*** Opening Dataset ***

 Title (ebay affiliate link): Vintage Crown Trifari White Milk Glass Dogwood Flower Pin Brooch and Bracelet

*** Closing Dataset ***
*** Opening Dataset ***

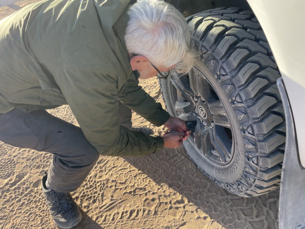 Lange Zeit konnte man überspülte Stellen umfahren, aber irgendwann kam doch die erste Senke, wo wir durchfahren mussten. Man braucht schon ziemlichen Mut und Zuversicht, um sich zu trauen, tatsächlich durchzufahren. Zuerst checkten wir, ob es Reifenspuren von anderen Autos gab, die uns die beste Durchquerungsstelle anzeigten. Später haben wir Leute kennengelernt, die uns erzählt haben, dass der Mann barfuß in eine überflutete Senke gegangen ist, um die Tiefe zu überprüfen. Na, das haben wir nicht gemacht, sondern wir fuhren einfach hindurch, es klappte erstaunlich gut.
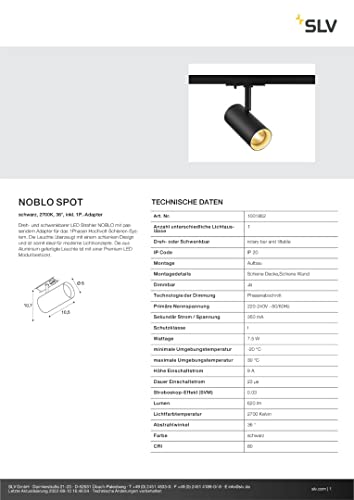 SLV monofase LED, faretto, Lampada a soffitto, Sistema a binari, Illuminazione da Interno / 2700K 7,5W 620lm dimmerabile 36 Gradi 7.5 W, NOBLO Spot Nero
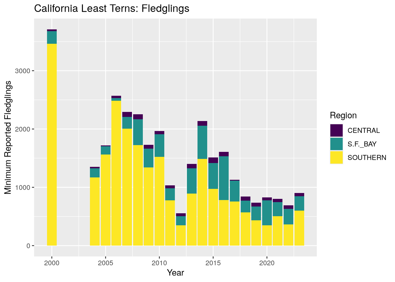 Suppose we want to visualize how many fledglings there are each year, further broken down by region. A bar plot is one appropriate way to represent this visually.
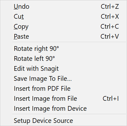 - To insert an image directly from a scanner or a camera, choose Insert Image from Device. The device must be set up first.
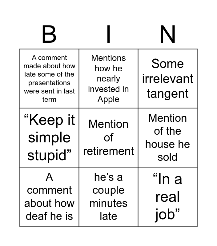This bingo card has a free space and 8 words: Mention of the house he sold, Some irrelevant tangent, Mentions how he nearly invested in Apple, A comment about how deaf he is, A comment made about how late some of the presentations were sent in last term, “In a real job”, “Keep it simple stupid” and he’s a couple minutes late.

*** Closing Dataset ***

Task directions: Would you set down only the lines above from the line with "Suppose we want" to the line with "This bingo card", both included, exactly as they stand and without the pictures?

Answer:
 Suppose we want to visualize how many fledglings there are each year, further broken down by region. A bar plot is one appropriate way to represent this visually.
 - To insert an image directly from a scanner or a camera, choose Insert Image from Device. The device must be set up first.
This bingo card has a free space and 8 words: Mention of the house he sold, Some irrelevant tangent, Mentions how he nearly invested in Apple, A comment about how deaf he is, A comment made about how late some of the presentations were sent in last term, “In a real job”, “Keep it simple stupid” and he’s a couple minutes late.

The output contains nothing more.